The task -
What is needed is an exact retyping of each entry, pictures excluded.

─── Records supplied

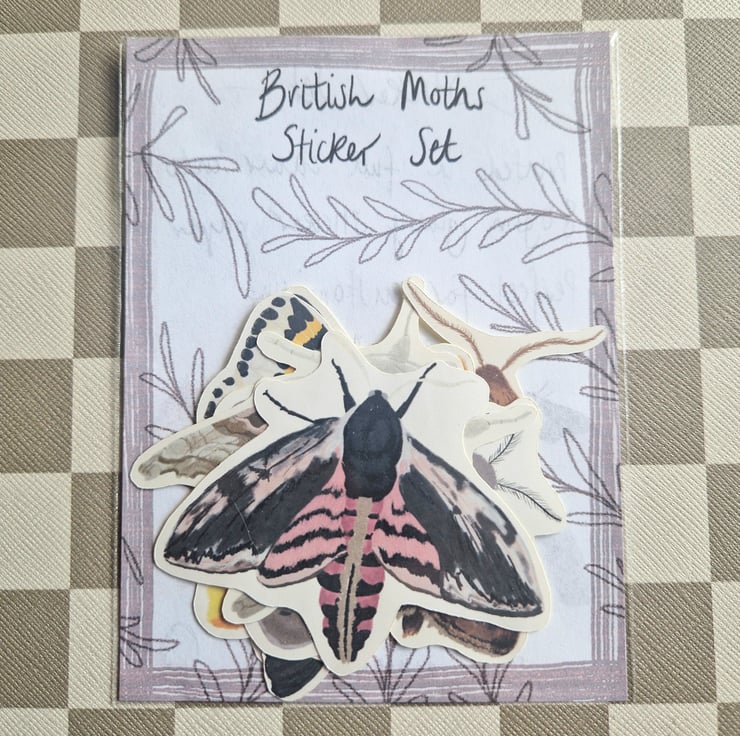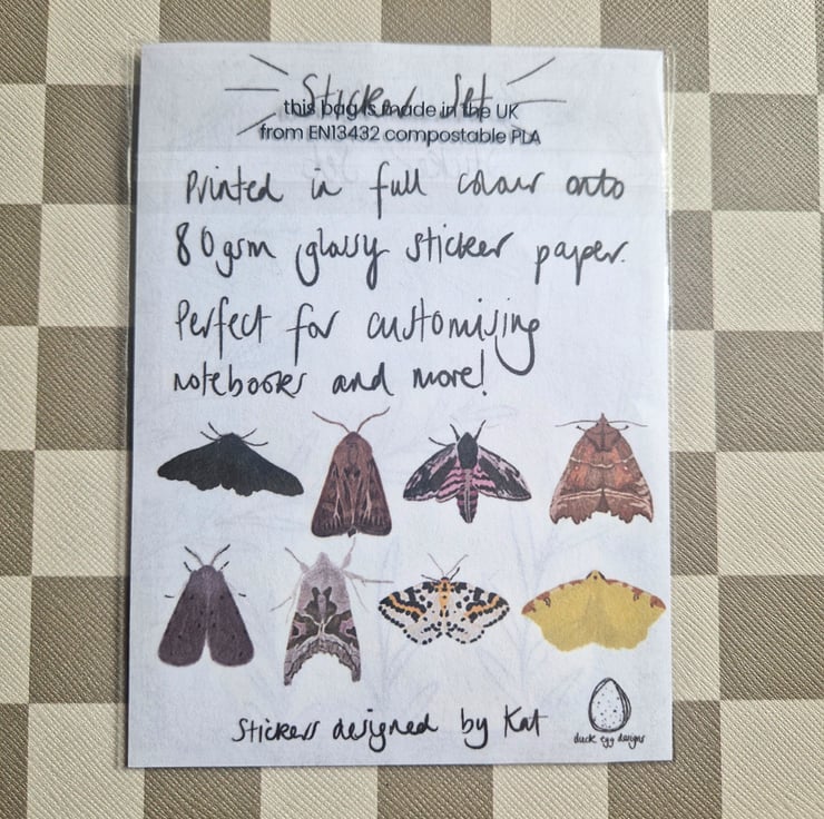 Moth stickers illustrated by me and made in my little studio using 80gsm glossy sticker paper.
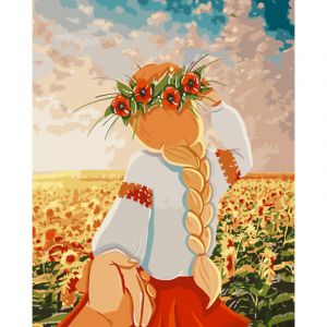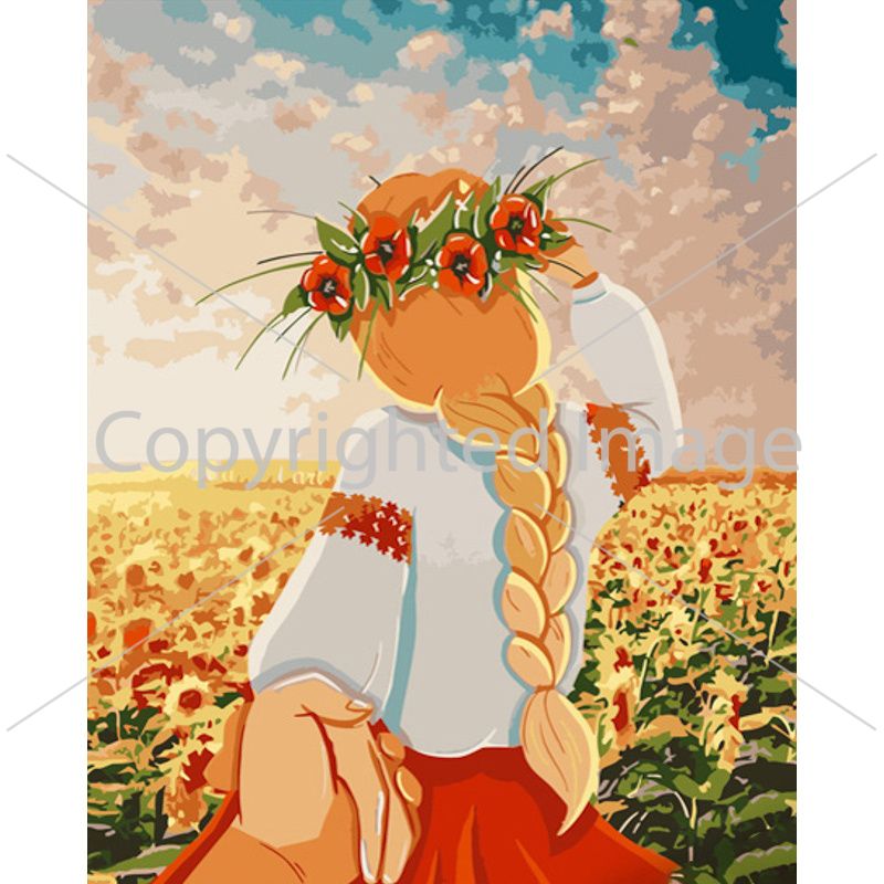 Картина за номерами Strateg ПРЕМІУМ Українка в полі розміром 40х50 см (GS690)
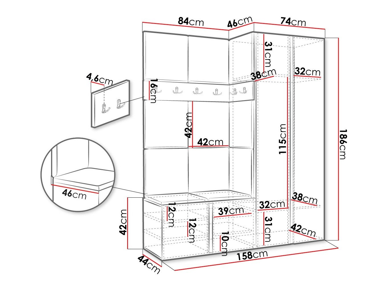 Dimensions du portemanteau:
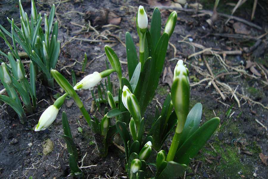 Hier stehen die Schneeglöckchen in voller Sonne vor der Südwand des Hauses in sandigem Boden, in Komposterde mit Laubauflage im tiefen Schatten und im Park sowieso an allen möglichen und unmöglichen Stellen. Den Schneeunglückchenschimmel habe ich noch nirgendwo entdeckt. Das kann ruhig so bleiben. Ich denke, dass ist eine Infektion, die um sich greift, wenn sie einmal da ist. Geschwächte Zwiebeln an zu nassen Stellen müssen zuerst dran glauben.
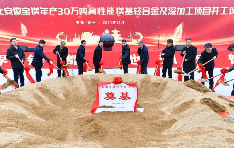2020年11月,南京云海特種金屬股份有限公司(“云海金屬”)、寶鋼金屬有限公司(“寶鋼金屬”)與青陽縣人民政府就安徽寶鎂輕合金項(xiàng)目舉行簽約,并在青陽縣設(shè)立合資公司——安徽寶鎂輕合金有限公司作為項(xiàng)目的實(shí)施主體,注冊(cè)資本為24億元。 近日,合資公司安徽寶鎂輕合金有限公司以44.27億元競(jìng)得青陽縣花園吳家冶鎂用白云巖礦采礦權(quán),以保證年產(chǎn)30萬噸高性能鎂基輕合金項(xiàng)目原材料的穩(wěn)定供應(yīng)。根據(jù)規(guī)劃,該項(xiàng)目將充分利用青陽縣豐富、優(yōu)質(zhì)的白云巖礦石資源,打造國內(nèi)、國際領(lǐng)先的鎂基輕合金及深加工基地。 中國寶武集團(tuán)總經(jīng)理胡望明、副總經(jīng)理侯安貴,中國工程院院士丁文江,寶鋼金屬黨委書記、董事長王強(qiáng)民,云海金屬董事長梅小明等出席了開工儀式。
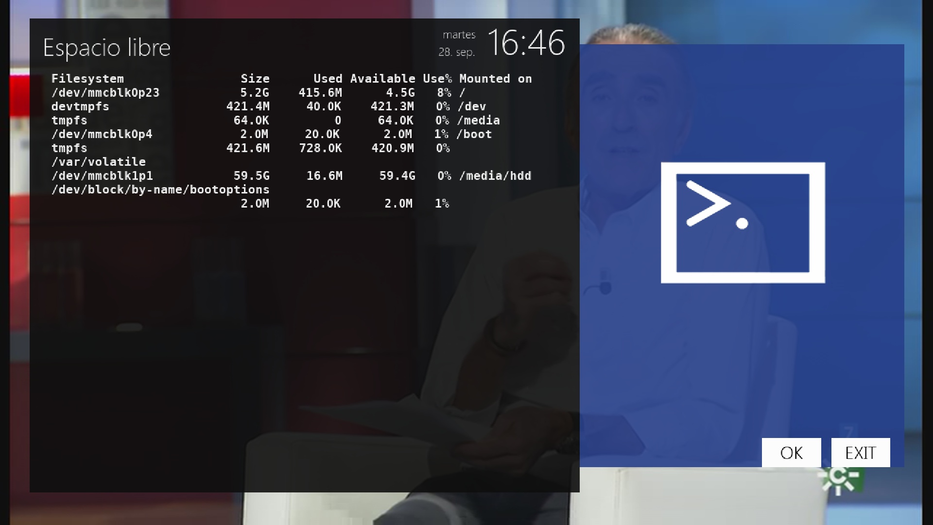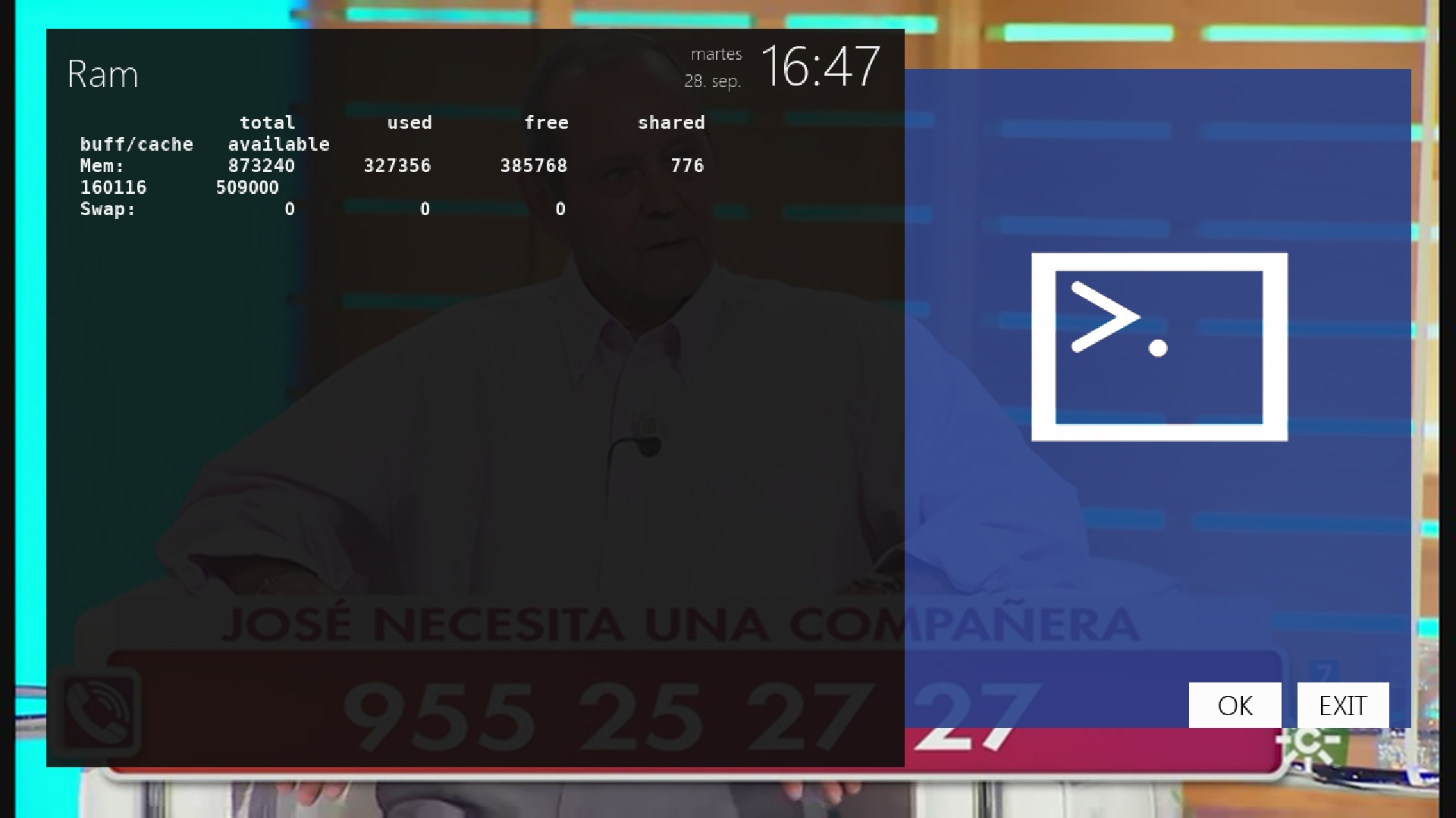 El sistema Enigma2 Reserva parte de los 1 GB de ram para sus procesos internos en esta captura podemos ver como se reparte:

──────

The answer -
 Moth stickers illustrated by me and made in my little studio using 80gsm glossy sticker paper.
 Картина за номерами Strateg ПРЕМІУМ Українка в полі розміром 40х50 см (GS690)
 Dimensions du portemanteau:
 Hier stehen die Schneeglöckchen in voller Sonne vor der Südwand des Hauses in sandigem Boden, in Komposterde mit Laubauflage im tiefen Schatten und im Park sowieso an allen möglichen und unmöglichen Stellen. Den Schneeunglückchenschimmel habe ich noch nirgendwo entdeckt. Das kann ruhig so bleiben. Ich denke, dass ist eine Infektion, die um sich greift, wenn sie einmal da ist. Geschwächte Zwiebeln an zu nassen Stellen müssen zuerst dran glauben.
2020年11月,南京云海特種金屬股份有限公司(“云海金屬”)、寶鋼金屬有限公司(“寶鋼金屬”)與青陽縣人民政府就安徽寶鎂輕合金項(xiàng)目舉行簽約,并在青陽縣設(shè)立合資公司——安徽寶鎂輕合金有限公司作為項(xiàng)目的實(shí)施主體,注冊(cè)資本為24億元。 近日,合資公司安徽寶鎂輕合金有限公司以44.27億元競(jìng)得青陽縣花園吳家冶鎂用白云巖礦采礦權(quán),以保證年產(chǎn)30萬噸高性能鎂基輕合金項(xiàng)目原材料的穩(wěn)定供應(yīng)。根據(jù)規(guī)劃,該項(xiàng)目將充分利用青陽縣豐富、優(yōu)質(zhì)的白云巖礦石資源,打造國內(nèi)、國際領(lǐng)先的鎂基輕合金及深加工基地。 中國寶武集團(tuán)總經(jīng)理胡望明、副總經(jīng)理侯安貴,中國工程院院士丁文江,寶鋼金屬黨委書記、董事長王強(qiáng)民,云海金屬董事長梅小明等出席了開工儀式。
 El sistema Enigma2 Reserva parte de los 1 GB de ram para sus procesos internos en esta captura podemos ver como se reparte:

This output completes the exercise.